Figure 7. Whole-brain imaging of GFP-labelled neurons in a SOM Cre-line mouse brain.

(a–e) Maximum intensity projections of different coronal sections showing the projection patterns with cytoarchitectonic references. The inset shows locations of images shown in a–e. The projection thicknesses of GFP-signal were 60 μm (a,b), 120 μm (c) 200 μm (d) and 100 μm (e). Magenta represents PI-stained cells (2 μm thickness). (f–i) Representative raw images showing the fine structure, such as axon boutons, of the long-range projections shown in (e).
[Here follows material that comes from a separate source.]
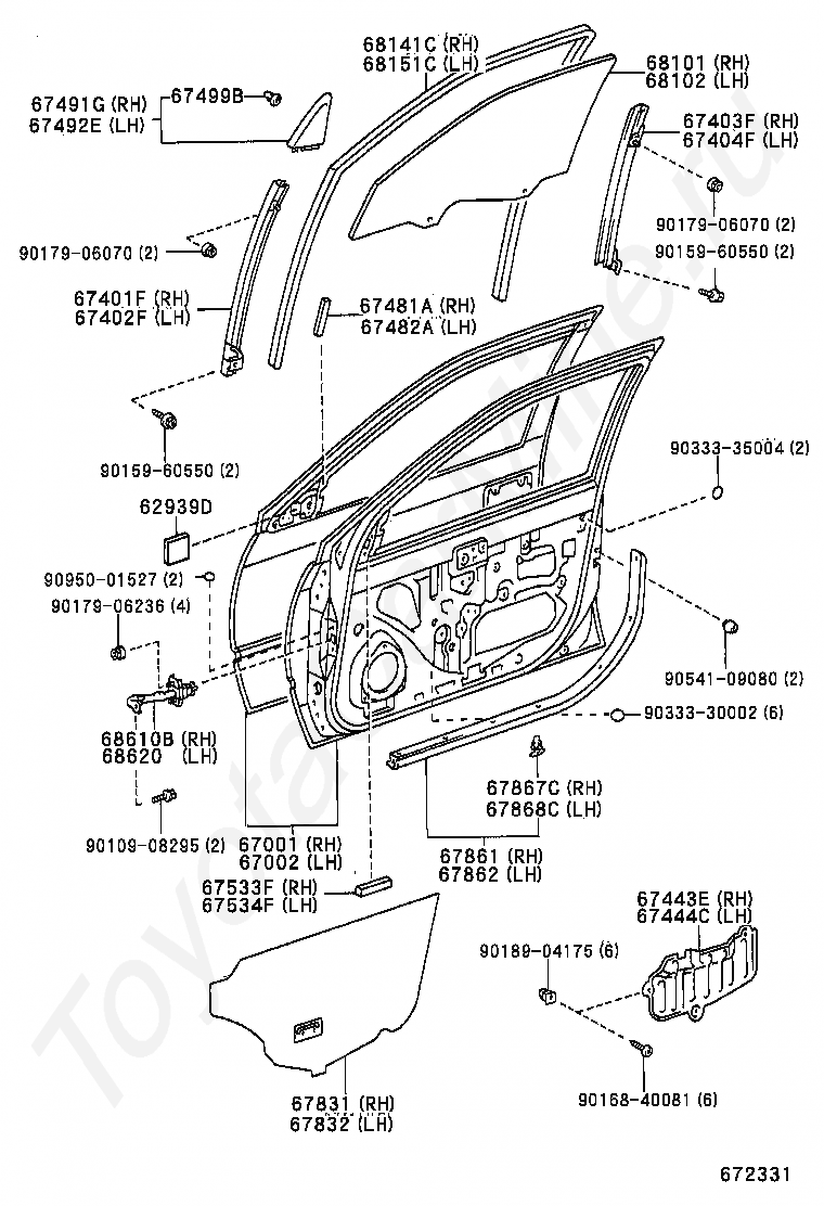 GLASS SUB-ASSY, FRONT DOOR, RH

Scale bar, 1 mm (a–e) and 15 μm (f–i).

Figure 8. Reconstruction of sparse-labelled brainstem neurons with long-range projections.

(a) Maximum intensity projections of the coronal sections. The projection thickness was 900 μm. (b–g) Enlarged views of the single axon arbor and axon terminals of the neurons shown in a. The reconstructed boutons are indicated as white arrowheads. The large axon terminals were indicated as orange arrowheads. Scale bar, 1 mm (a); 100 μm (d); 50 μm (f); and 25 μm (b,c,e,g).